NSW hospitals struggled amid Omicron surge

·3-min read

Patients in NSW faced record wait times for ambulances and spent longer in emergency departments as the state grappled with the COVID-19 Omicron variant, according to new data.

The health system was under stress as non-urgent elective surgery was suspended and the government relaxed most public health restrictions between January and March, the latest Bureau of Health Information (BHI) Quarterly Report revealed.

Some 734,704 people attended emergency departments during the period, down 2.8 per cent from the pre-pandemic period in 2019, but well above levels from five years ago.

The number of people admitted to hospital from ED fell 15.6 per cent from pre-pandemic levels, and those people generally waited longer.

The NSW Nurses and Midwives' Association said the report provided more evidence of the strain on public hospitals.

NSWNMA Acting Assistant General Secretary Michael Whaites said one nurse to every three ED treatment spaces would go a long way towards curbing the escalating crisis.

"A record 55,305 patients left EDs during January to March either without being seen, or before finishing treatment," he said.

"That's the worst it's ever been and it must be addressed."

A quarter of people waited four hours or fewer, but one in 10 waited longer than 18 hours and 29 minutes in ED - a rise from 13 hours and 25 minutes before the pandemic.

President of the Australian Paramedics Association NSW Chris Kastelan said emergency response times would continue to blow out until the government committed to reforms.

"Across the board, patients are waiting longer than ever for an ambulance, and our service is failing to deliver on its own benchmarks for appropriate response times," he said.

Some 326,544 ambulance responses were made during the period, up 6.1 per cent from before the pandemic.

Demand for ambulances has been steadily increasing during the past five years, and a record number of highest priority cases were attended.

Ambulances took 8.8 minutes to arrive to the highest priority calls on average, the longest response time since 2010.

Only 60.2 per cent of responses for high priority calls were reached within the benchmark 10 minutes, the worst result in 12 years.

On average it took 15.7 minutes for an emergency ambulance to arrive, the longest wait on record.

The AMA says the report reveals all parts of the public hospital system are under strain, with reform and sustained funding needed to avert the looming healthcare crisis.

"What is really disturbing is the long-term trend that we're seeing in terms of escalating numbers of patients needing treatment and the health system's diminishing ability to meet that demand," AMA NSW president Michael Bonning said.

Non-urgent elective surgery was suspended during this period to help ease demand on the system.

In March 2022, 100,980 people were waiting for elective surgery, close to the peak of 101,024 in mid-2020.

One in 10 patients who underwent non-urgent surgery had been waiting longer than one year and 100 days.

Health secretary Susan Pearce said the period was one of the most challenging of the pandemic and health workers had been "remarkable".

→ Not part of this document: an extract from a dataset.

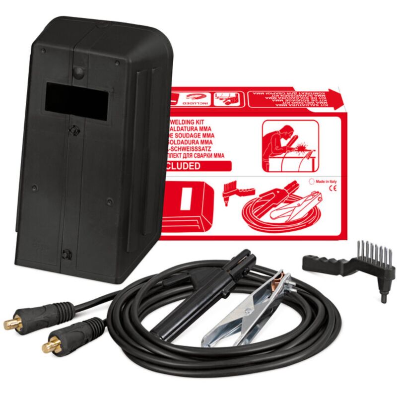 Composizione: cavo 10 mmq 2 m dinse 25, cavo 10 mmq 3 m dinse 25, pinza porta elettrodo, spazzola, maschera, pinza di massa 250A, vetro filtro mm 51x108.

"We have never seen a period like it before, from the huge volume of COVID-19 cases to the thousands of furloughed staff, and I want to thank the community for their understanding and patience as we faced the many challenges that came our way," she said.

Emergency departments remain under significant pressure from COVID-19 cases and a surge in flu infections impacting staff numbers.

The government will recruit 10,148 full-time staff to hospitals over four years as part of the upcoming NSW budget.